CFOs concerned about health care costs, increasing competition

December 9, 2004

According to the findings of the December Duke University/CFO MagazineBusiness Outlook survey, which asked chief financial officers (CFOs) from a broad range of public and private companies about their economic projections, the number one risk to companies in 2005 is health care costs. Rounding out the top four risks are intense competition, fuel prices, and rising interest rates.

"Concerns about domestic terrorism have declined since last quarter, but our business terrorism index shows that the possibility of an attack is hurting business results," said Don Durfee, research editor of CFO Magazine. "We asked the CFOs to rank on a scale from 0 to 100 the negative impact that the threat of terrorism is having on their bottom line (where zero means no impact and 100 indicates maximum negative impact). While the terrorism index currently stands at 19.4, 36 percent of firms say the threat of terrorism is significantly affecting their bottom line."
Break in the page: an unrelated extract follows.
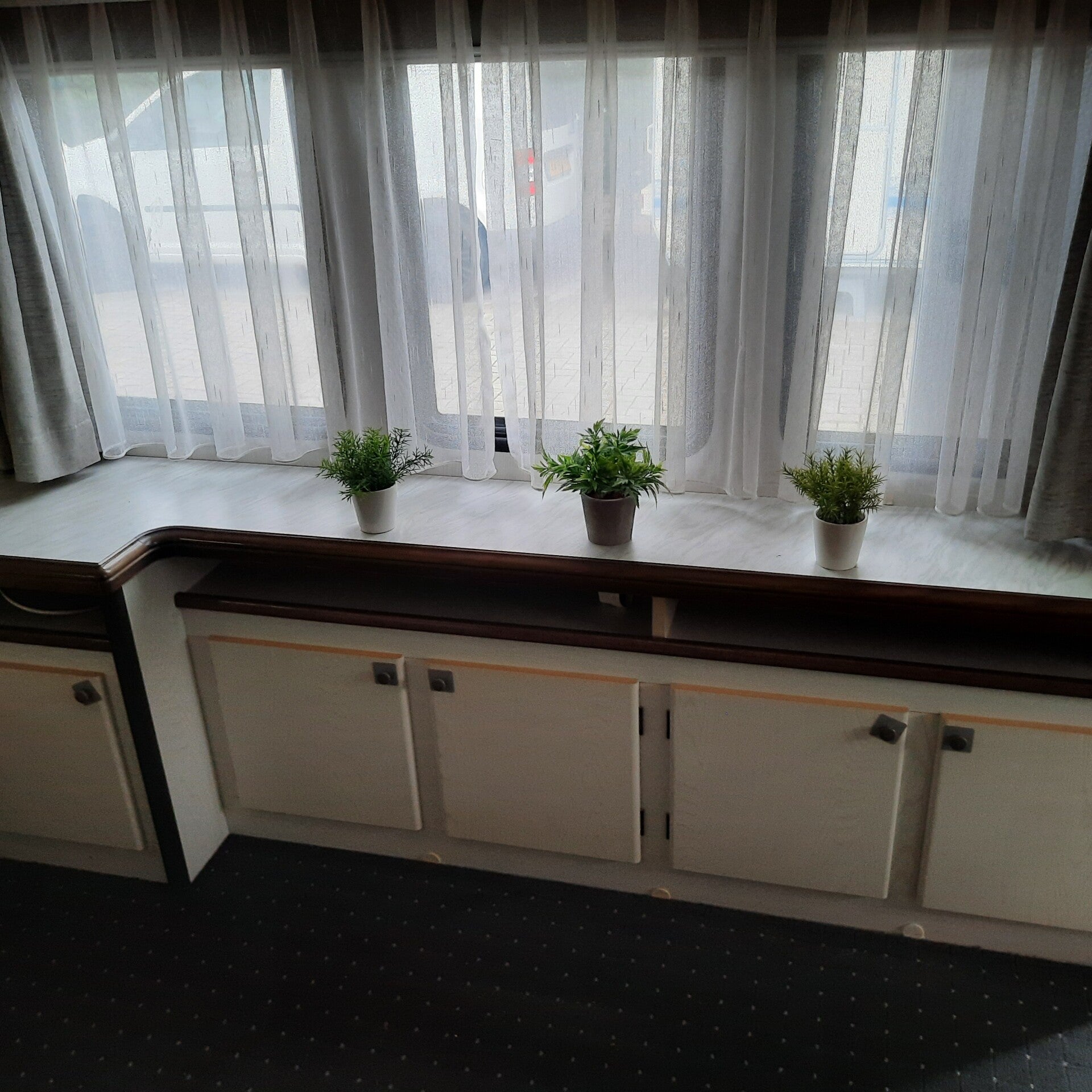 Zithoek is weg, staan nu 2 goede stoelen met tafeltje.

After robust growth this fall, employment gains appear to have stalled. CFOs expect employment to grow only 0.8 percent in 2005, down from 3.1 percent predicted last quarter. Health care costs are expected to rise 8.4 percent.
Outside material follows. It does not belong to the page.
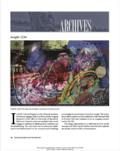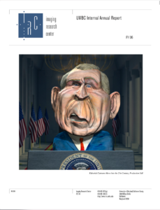 This page contains archival PDFs of the Imaging Research Center. In the dropdown menus you can find published research papers, exhibition or concert booklets, or any documents that expand upon the our collaborations. In the other dropdown menu you can access our Annual Reports. You can reach out about missing report inquiries.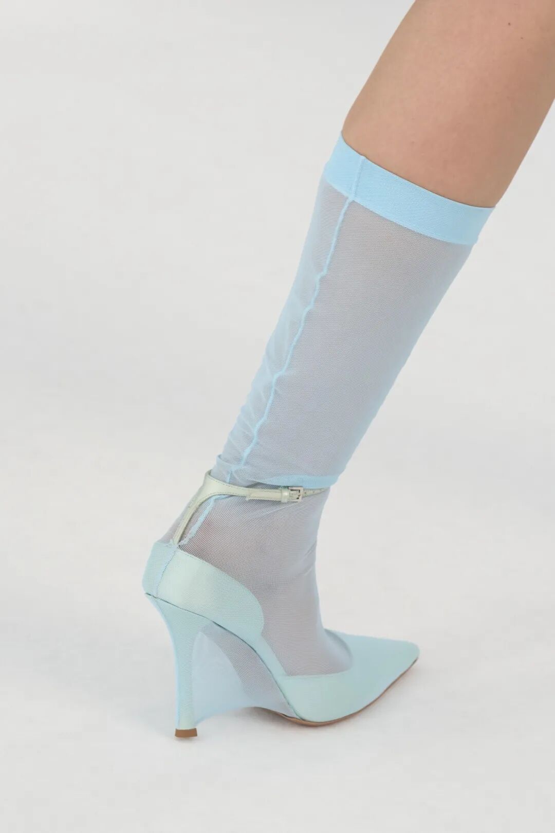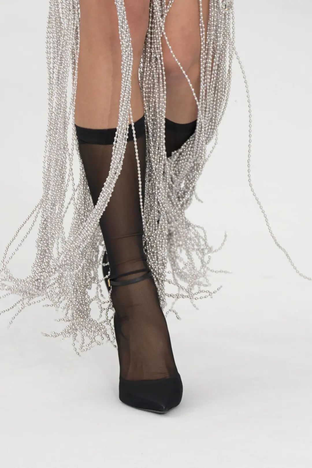 配饰方面,推出了全新网纱高跟鞋,鞋跟与鞋底有网纱连接,十分独特;经典 Voyou 手袋也有了新变化,V 型包身设计多了点缀,搭配金属链条设计,为优雅的服装增加了个性魅力。

Despite these concerns, the survey results indicate that the bottom line should fare moderately well next year, with earnings expected to increase by 11 percent. Moreover, just over half of the executives say they are more optimistic about the economy, and their firms, than they were last quarter.

"All of these numbers are down from last quarter, and other predictions are even less favorable," noted Graham. "Capital spending is expected to grow only at a replacement level of 3.8 percent, and tech spending will increase just 4.9 percent. Worse still, the CFOs say that advertising and marketing expenditures will rise by only 2.3 percent, which is less than half of the growth predicted in last quarter's survey.

"In addition, outsourced employment is expected to rise at more than half of the firms we surveyed, with the increase in outsourced employment expected to increase 4.3 percent. Finally CFOs are significantly less bullish than Wall Street about the prospects for economic growth: respondents forecast a GDP growth rate of 2.8 percent, compared with Wall Street's consensus forecast of 3.3 percent."